Before printing, remove every picture; then print the lines below exactly, from the first line through the line containing "A brass holy water pot with carving work is a decorative".

----

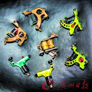 几把文身枪、一套颜料、一支描边笔,基本上构成了一个文身师日常工作的全部。不同文身枪的价格差异也非常大。刘健向记者展示了一支意大利产的文身枪,价值4000元。“好的文身师有十多把文身枪很正常,他们往往在构图的时候已把要有的文身枪想好了。”
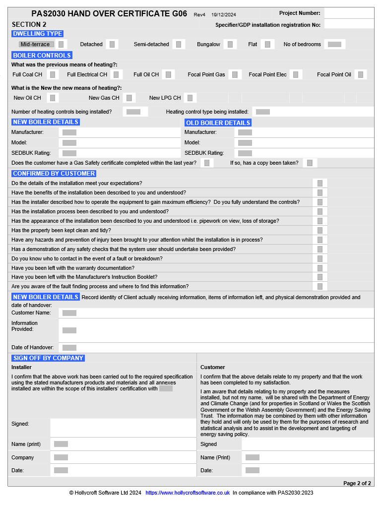 << Click for page 1 Commissioning Form Screenshot Page 2
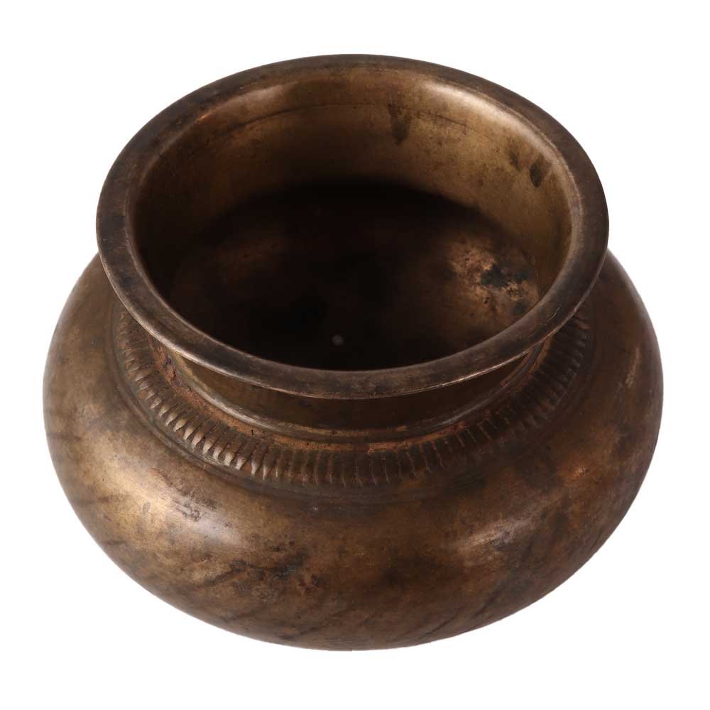 A brass holy water pot with carving work is a decorative and functional religious item that is used to hold holy water in a church or home. The pot is typically made of brass, a durable and attractive metal that is resistant to corrosion and tarnishing. The carving work on the pot often depicts religious symbols or scenes, such as crosses, saints, or angels. These carvings are usually intricate and detailed, and are often done by skilled artisans. The pot is often used for blessings, such as when a priest sprinkles holy water on a person or object. It can also be used for personal devotion, such as when someone dips their fingers into the water and makes the sign of the cross. Overall, a brass holy water pot with carving work is a beautiful and meaningful addition to any church or home.
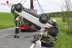 Der Unfall ereignete sich auf der Salzkammergutstraße im Gemeindegebiet von Regau. Aus bisher unbekannter Ursache kollidierten zwei PKW nahezu frontal. Eine Auto wurde über die Böschung in ein kleines Rinnsal geschleudert, wo es auf dem Dach zum Liegen kam. Die Lenkerin konnte sich glücklicherweise selbst aus dem Unfallwrack befreien. Das zweite Unfallwrack kam auf der Straße zum Stillstand, aus diesem Fahrzeug musste die Feuerwehr eine Person mittels hydraulischem Rettungsgerät befreien. Beide Verletzten wurden nach notärztlicher Erstversorgung ins Krankenhaus eingeliefert. Die Feuerwehr sicherte zudem die Unfallstelle ab, band ausgelaufene Betriebsmittel und führte anschließend die Aufräumarbeiten durch.
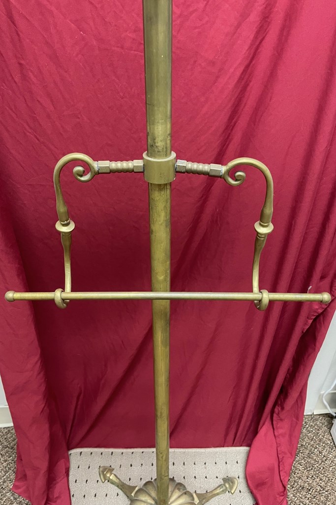 Vintage Brass Gentlemen’s Valet Caddy Coat Rack - This item is 58" high and is solid brass and is a definite conversation piece. This is a used item so it has some degree of wear and tear, but functions as it should. There is an area (see last picture) that has come loose, but it can be fixed. If you would like to come to our office location to view item prior to purchase you may do so by contacting us via email rld@healingwings.com or office phone: (303) 789-0950 or Cell: (720)-955-0546. **This item is for local (Denver Areas) pickup only!

----

*Exercise result*.
 几把文身枪、一套颜料、一支描边笔,基本上构成了一个文身师日常工作的全部。不同文身枪的价格差异也非常大。刘健向记者展示了一支意大利产的文身枪,价值4000元。“好的文身师有十多把文身枪很正常,他们往往在构图的时候已把要有的文身枪想好了。”
 << Click for page 1 Commissioning Form Screenshot Page 2
 A brass holy water pot with carving work is a decorative and functional religious item that is used to hold holy water in a church or home. The pot is typically made of brass, a durable and attractive metal that is resistant to corrosion and tarnishing. The carving work on the pot often depicts religious symbols or scenes, such as crosses, saints, or angels. These carvings are usually intricate and detailed, and are often done by skilled artisans. The pot is often used for blessings, such as when a priest sprinkles holy water on a person or object. It can also be used for personal devotion, such as when someone dips their fingers into the water and makes the sign of the cross. Overall, a brass holy water pot with carving work is a beautiful and meaningful addition to any church or home.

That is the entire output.